▸ **Task details**
Below are records that contain pictures; transcribe the text exactly and omit the pictures.

===== Data for the task =====

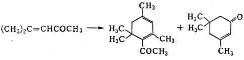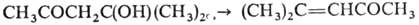 При нагр. с разбавленными к-тами и щелочами гидроли-зуется в ацетон. Присоединяет 2 молекулы NaHSO3-пo двойной связи и по СО-группе. В присут. СаО или ВаО самоконденсируется:
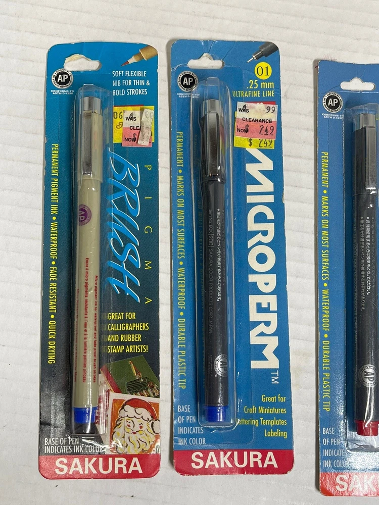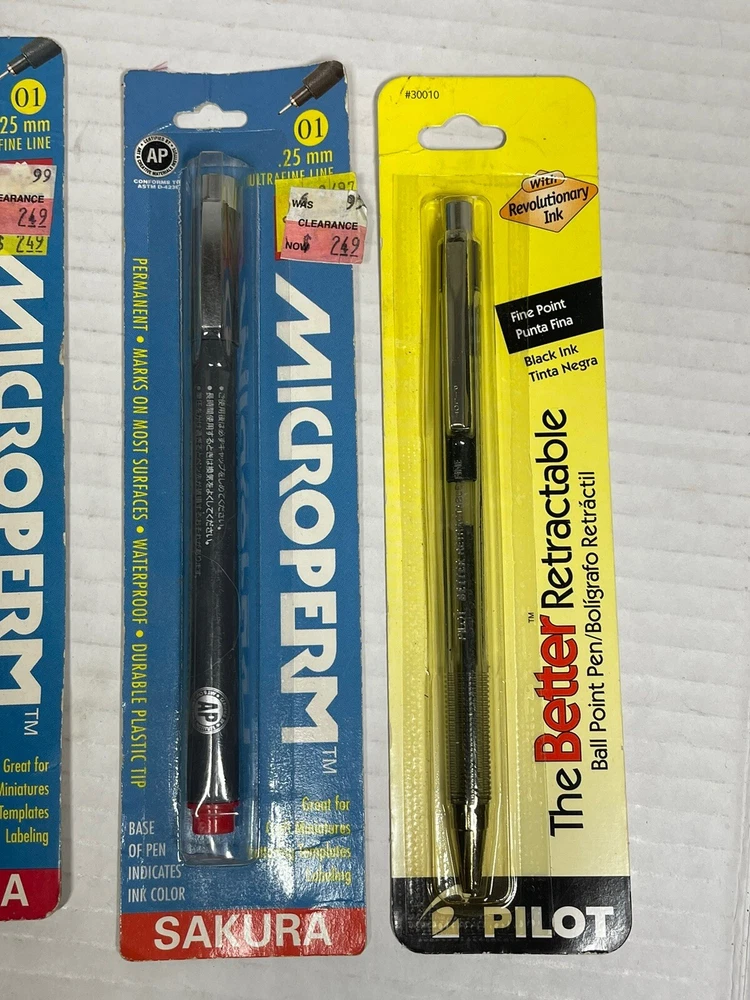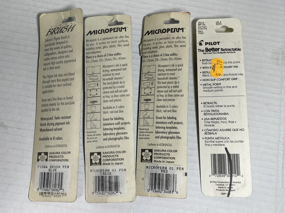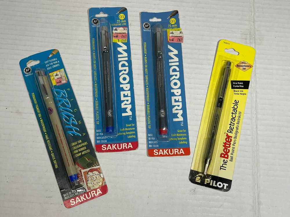 NEW Vintage Lot Of 4 Pens Sakura Pigma Brush Microperm Pilot Better Retractable See pictures for the exact pens you will receive. Ink colors: black, red and 2x blue. Cannot guarantee the pens still write, these are vintage and still sealed. Sold as is.
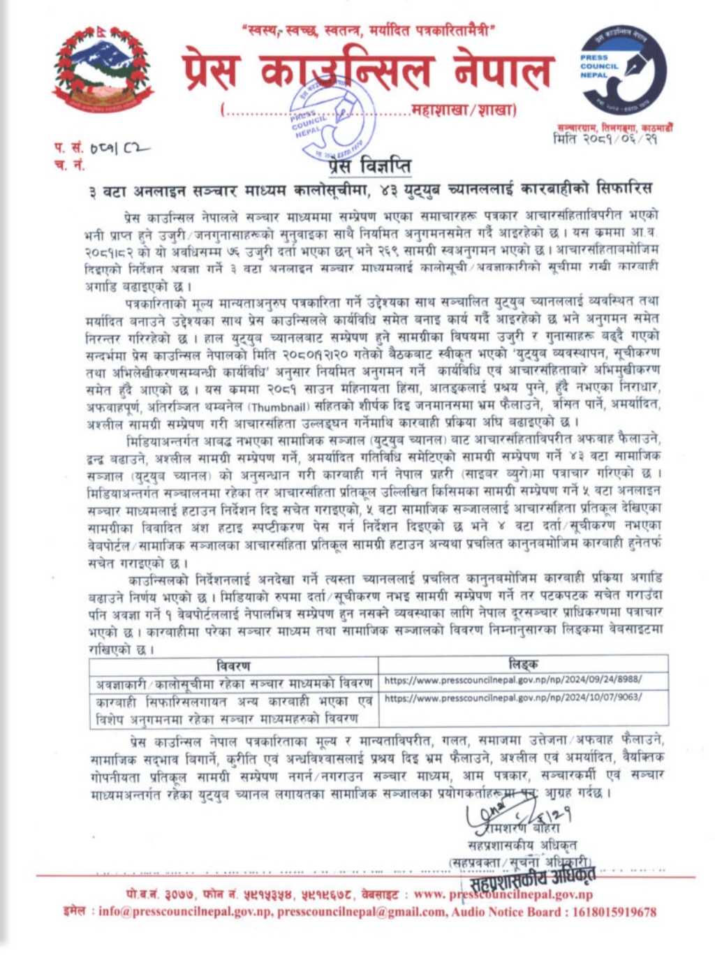 “मिडियाअन्तर्गत आबद्ध नभएका सामाजिक सञ्जाल (युट्युब च्यानल )बाट आचारसंहिताविपरीत अफवाह फैलाउने, द्वन्द्व बढाउने, अश्लील सामग्री सम्प्रेषण गर्ने, अमर्यादित गतिविधि समेटिएको सामग्री सम्प्रेषण गर्ने ४३ वटा सामाजिक सञ्जाल (युट्युब च्यानल)को अनुसन्धान गरी कारबाही गर्न नेपाल प्रहरी (साइबर ब्युरो)मा पत्राचार गरिएको छ,” विज्ञप्तिमा भनिएको छ ।
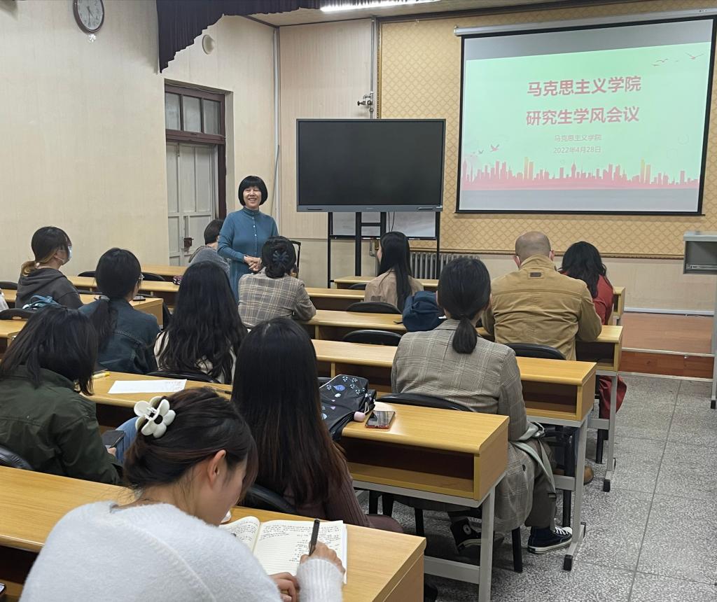 在笃行楼205教室召开“2022年研究生学风建设会议”。副院长郭金鸿教授、各学科带头人谢春玲教授、赵永刚教授、萨日娜副教授、辅导员姜楠及全体研究生参会。会议由学院研究生办公室王翠云老师主持。
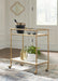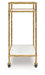 | Details | Made with sand casted aluminum, Antiqued brass-tone finish, White marble lower shelf, Clear glass top shelf, Casters for mobility, Color variations, fissures, mineral deposits and veining in the marble shelf are naturally formed characteristics, Assembly required | |
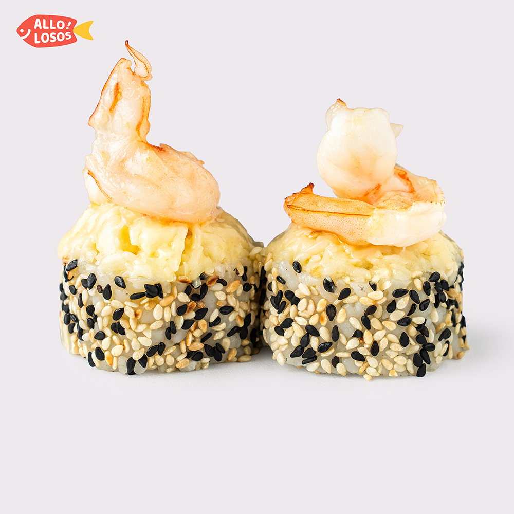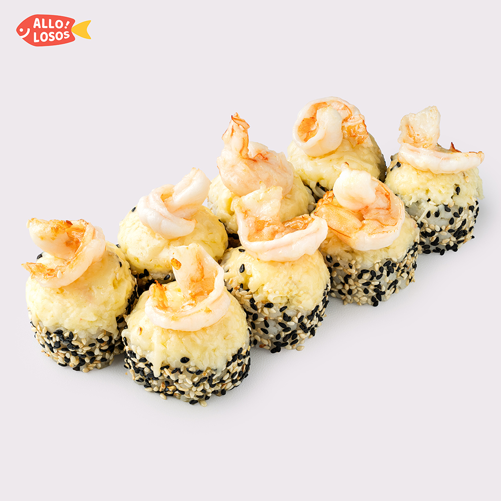 Рис, водорості норі, слабосолона лосось, тунець, тигрова креветка, авокадо, сир "Кремета", сир "Пармезан", майонез, кунжут білий, 8шт.
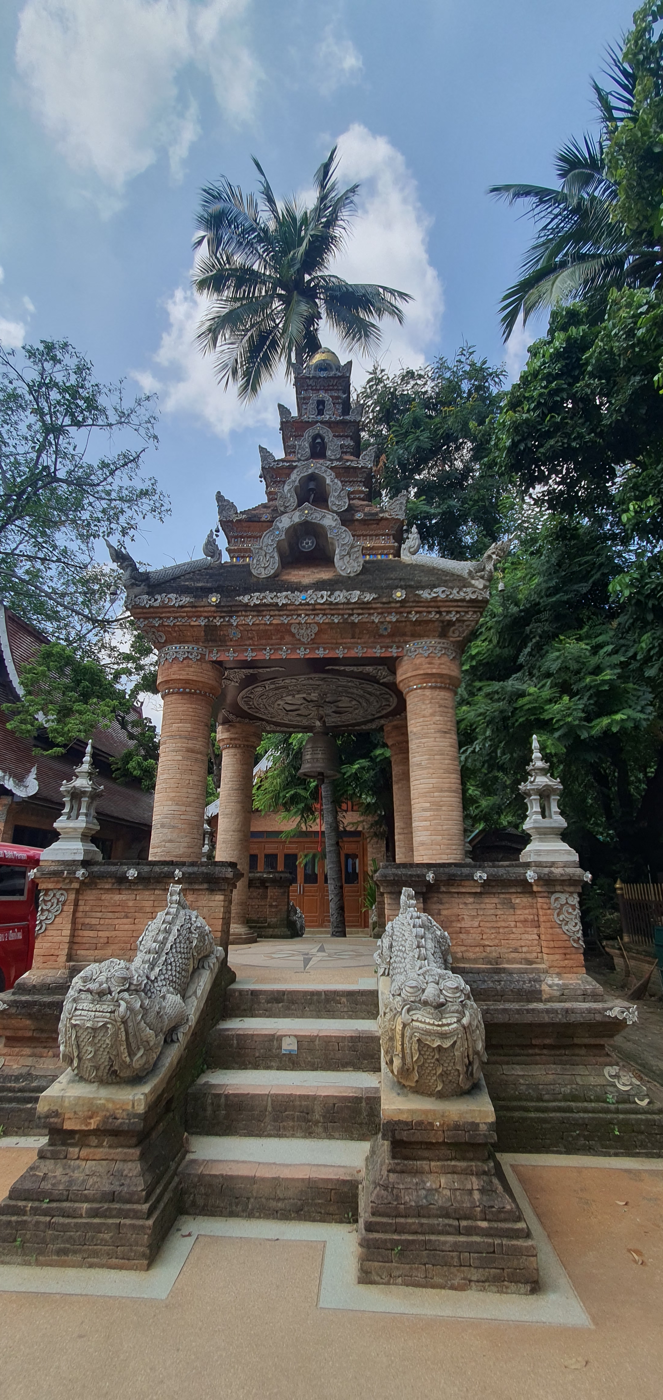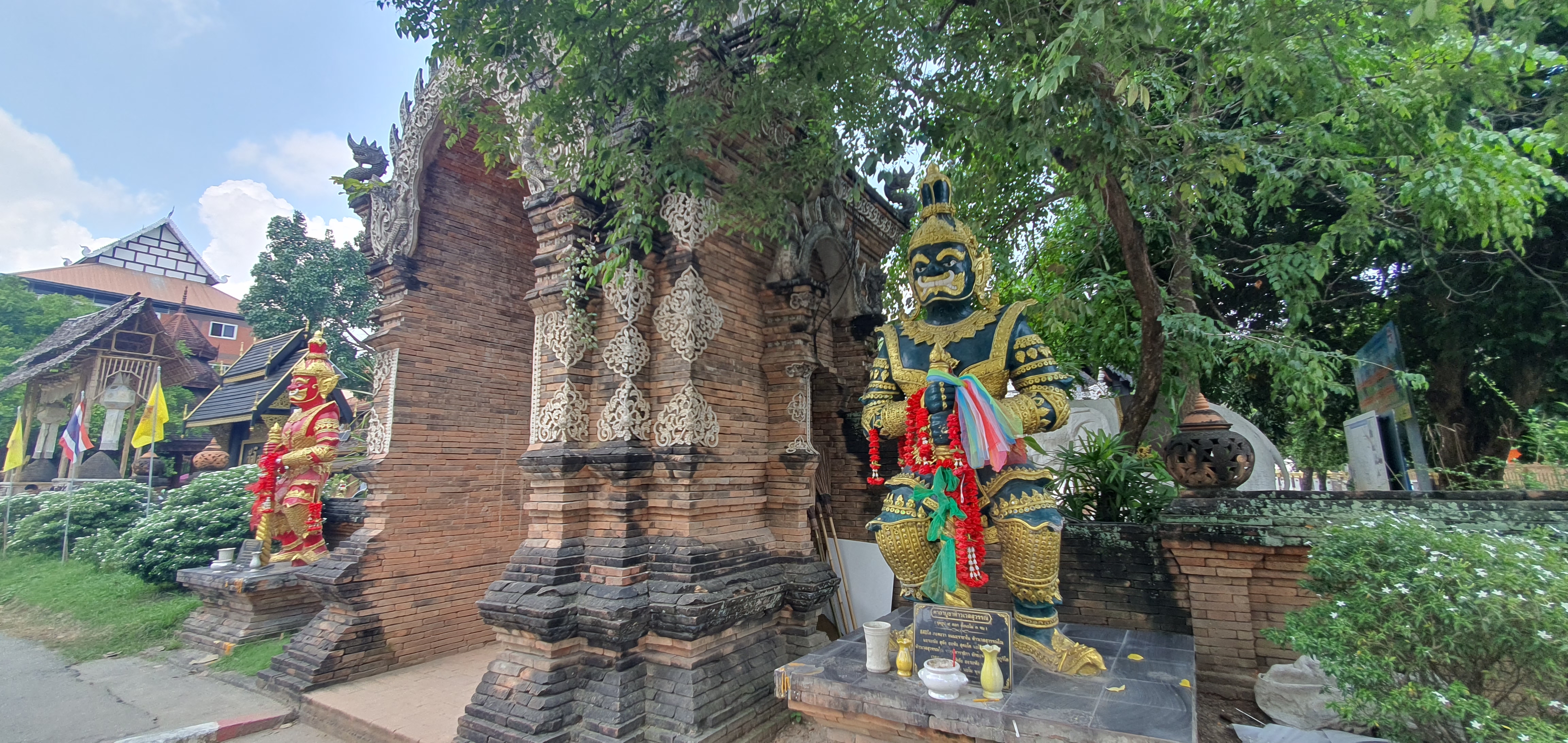 큰 체디의 벽돌은 대부분 옛 그대로 두었다. 이는 치앙마이의 다른 사원의, 종종 최근에, 치장한 체디와 대조된다. 주목할 만한 것은 정교하게 조각된 나가(뱀)와 목조 사원 외관입니다. 사원은 남북 축을 따라 정렬되어 있다. 대부분의 불교 사원은 동쪽, 떠오르는 태양을 향해 있다.
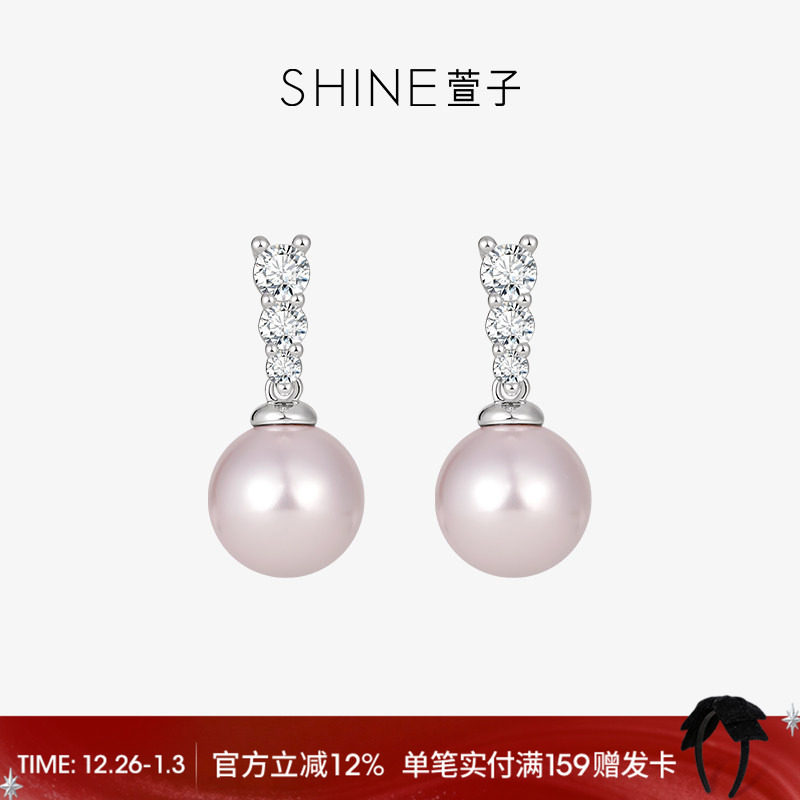 SHINE萱子饰品蔓塔玫瑰系列珍珠耳钉紫色耳环优雅闪耀生日礼物
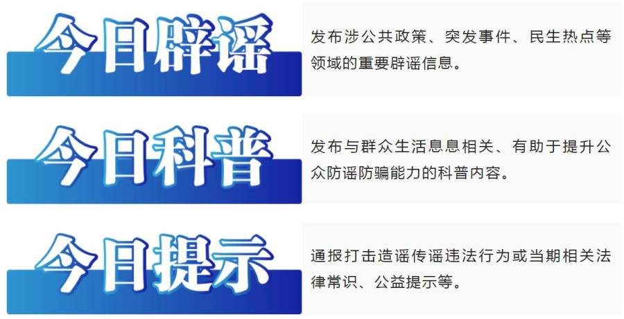 “今日辟谣榜”旨在传递事实真相,传播科学知识,帮助公众获得权威、准确的真实信息。栏目设置“今日辟谣”“今日科普”及“今日提示”三大版块,每日聚焦群众关心关切的重要辟谣内容,对涉及公共政策、突发事件、医疗健康等领域的网络谣言及时回应。
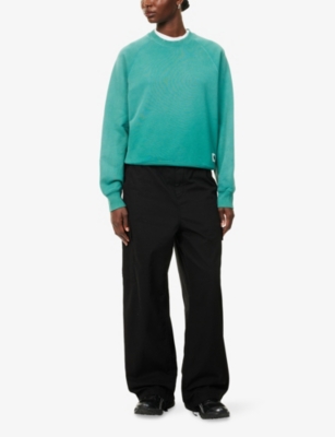 Our Carhartt WIP women's offering reflects the brand's history of supplying workwear garments. Maintaining its trademark utilitarian style, Carhartt WIP clothing stocks fundamental items for your wardrobe. Expect to see jersey basics that are ideal everyday companions. Boxy, round-neck T-shirts and oversized sweatshirts are constructed from soft cotton and finished with a woven logo label. You'll find them in neutral colours and earthy shades.Â
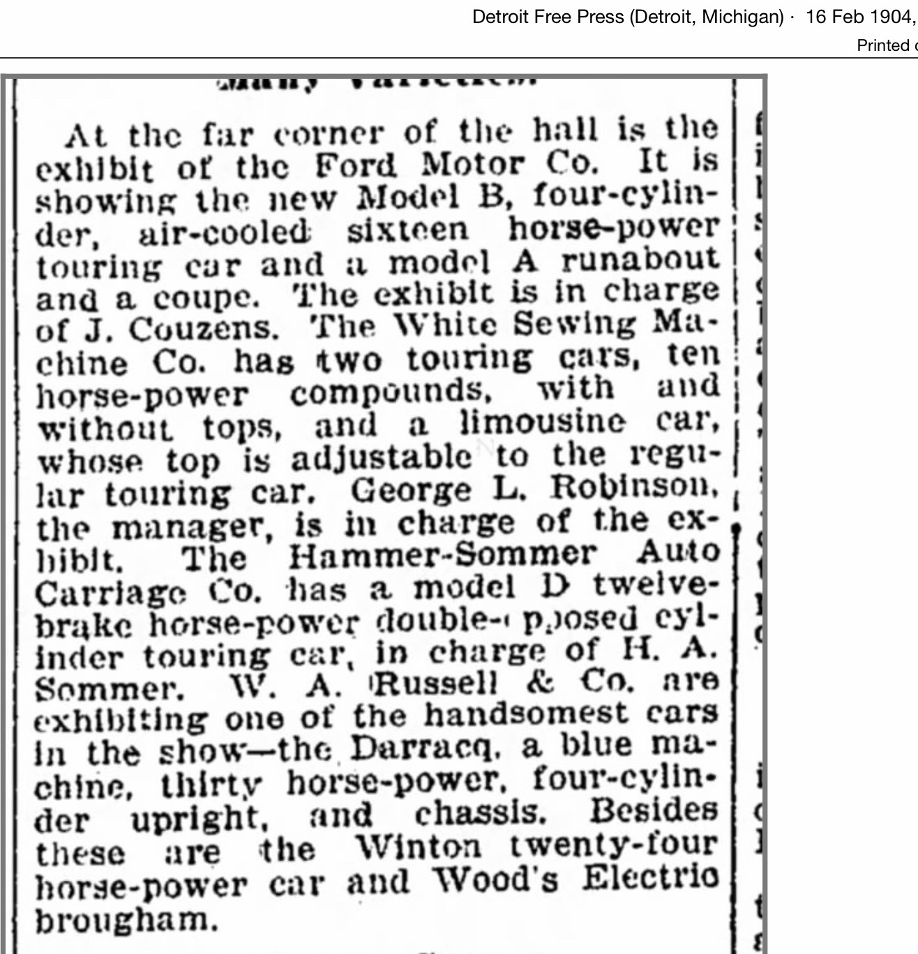 This Detroit Free Press February 1904 article describes the air cooled 4 cylinder Ford:

=====

▸ **Exercise output**
 При нагр. с разбавленными к-тами и щелочами гидроли-зуется в ацетон. Присоединяет 2 молекулы NaHSO3-пo двойной связи и по СО-группе. В присут. СаО или ВаО самоконденсируется:
 NEW Vintage Lot Of 4 Pens Sakura Pigma Brush Microperm Pilot Better Retractable See pictures for the exact pens you will receive. Ink colors: black, red and 2x blue. Cannot guarantee the pens still write, these are vintage and still sealed. Sold as is.
 “मिडियाअन्तर्गत आबद्ध नभएका सामाजिक सञ्जाल (युट्युब च्यानल )बाट आचारसंहिताविपरीत अफवाह फैलाउने, द्वन्द्व बढाउने, अश्लील सामग्री सम्प्रेषण गर्ने, अमर्यादित गतिविधि समेटिएको सामग्री सम्प्रेषण गर्ने ४३ वटा सामाजिक सञ्जाल (युट्युब च्यानल)को अनुसन्धान गरी कारबाही गर्न नेपाल प्रहरी (साइबर ब्युरो)मा पत्राचार गरिएको छ,” विज्ञप्तिमा भनिएको छ ।
 在笃行楼205教室召开“2022年研究生学风建设会议”。副院长郭金鸿教授、各学科带头人谢春玲教授、赵永刚教授、萨日娜副教授、辅导员姜楠及全体研究生参会。会议由学院研究生办公室王翠云老师主持。
 | Details | Made with sand casted aluminum, Antiqued brass-tone finish, White marble lower shelf, Clear glass top shelf, Casters for mobility, Color variations, fissures, mineral deposits and veining in the marble shelf are naturally formed characteristics, Assembly required | |
 Рис, водорості норі, слабосолона лосось, тунець, тигрова креветка, авокадо, сир "Кремета", сир "Пармезан", майонез, кунжут білий, 8шт.
 큰 체디의 벽돌은 대부분 옛 그대로 두었다. 이는 치앙마이의 다른 사원의, 종종 최근에, 치장한 체디와 대조된다. 주목할 만한 것은 정교하게 조각된 나가(뱀)와 목조 사원 외관입니다. 사원은 남북 축을 따라 정렬되어 있다. 대부분의 불교 사원은 동쪽, 떠오르는 태양을 향해 있다.
 SHINE萱子饰品蔓塔玫瑰系列珍珠耳钉紫色耳环优雅闪耀生日礼物
 “今日辟谣榜”旨在传递事实真相,传播科学知识,帮助公众获得权威、准确的真实信息。栏目设置“今日辟谣”“今日科普”及“今日提示”三大版块,每日聚焦群众关心关切的重要辟谣内容,对涉及公共政策、突发事件、医疗健康等领域的网络谣言及时回应。
 Our Carhartt WIP women's offering reflects the brand's history of supplying workwear garments. Maintaining its trademark utilitarian style, Carhartt WIP clothing stocks fundamental items for your wardrobe. Expect to see jersey basics that are ideal everyday companions. Boxy, round-neck T-shirts and oversized sweatshirts are constructed from soft cotton and finished with a woven logo label. You'll find them in neutral colours and earthy shades.Â
 This Detroit Free Press February 1904 article describes the air cooled 4 cylinder Ford:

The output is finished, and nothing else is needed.